If I had to choose a single pattern that represents some of the most accurate trading signals, it would probably be a breakout from a long, narrow sideways consolidation pattern. Rectangles that have contained a security within a narrow range tend to be followed by explosive movements to the upside – if, and only if, the top of that range is taken out. Conversely, downside breakouts from a long rectangle can be quite bearish. I mention two ways to trade rectangles in my book, Sideways, but upside breakouts are by and far the most rewarding of the two. FYI: the other method to trade these patterns is to buy the bottom, and sell the top with coinciding stochastics or RSI signals. Read the book for more details.
When viewing a rectangle breakout, look for at least 3 days and about a 2-3% price increase from the breakout point – along with supportive volume spikes to confirm the movement. If the breakout is legitimate, the movement can be very rewarding for the players on the right side of the trade.

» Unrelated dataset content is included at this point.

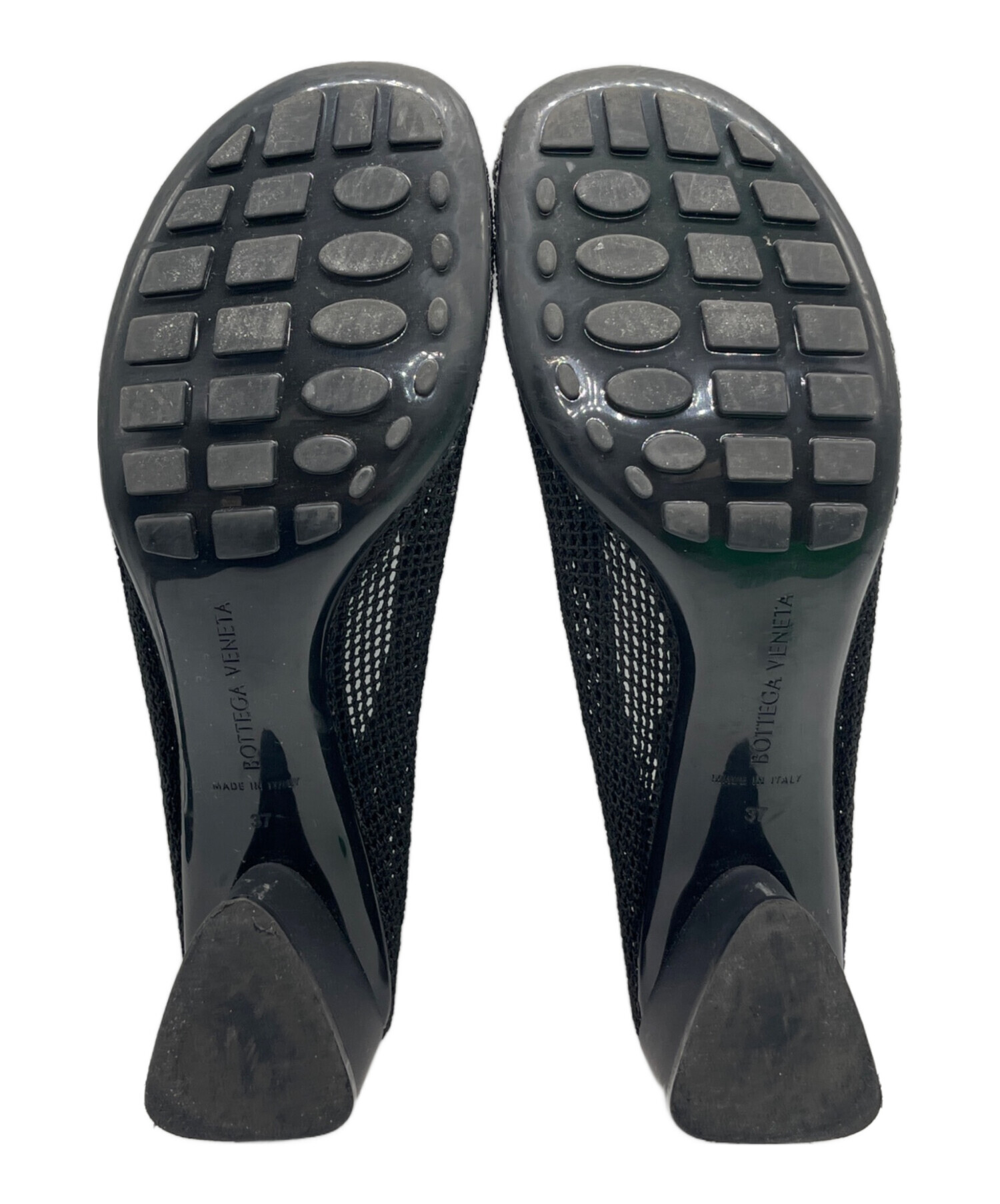 • BOTTEGA VENETA(ボッテガベネタ)BOTTEGA VENETA (ボッテガベネタ) メッシュ チャンキーヒール フラットシューズ ブラック サイズ:37の古着・服飾アイテム ソール減り有
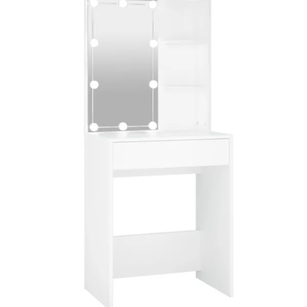 - LED-ljus: Sminkbordet har också LED-lampor med USB, som är enkla att byta läge från varmt till kallvitt. LED-lamporna runt spegeln avger ljus.

Right now, I’m watching coal – which is well into a very long rectangular consolidation. Check the nice long consolidation pattern on the Market Vectors Coal ETF (KOL) above, which has recently taken out the down trend. If coal breaks out to the upside under the conditions mentioned above, this could be a very big mover. Watch for a breakout through about $26/share (a catalyst such as positive economic news coming out of China might inspire such a move) to drive KOL up out of its sideways trading range. While there is always potential for a downside breakout through $22/share, the fact that KOL has broken its downtrend hints that any eventual breakout might be a bullish one. This one, while not yet ready to buy, deserves a place on a traders watch list.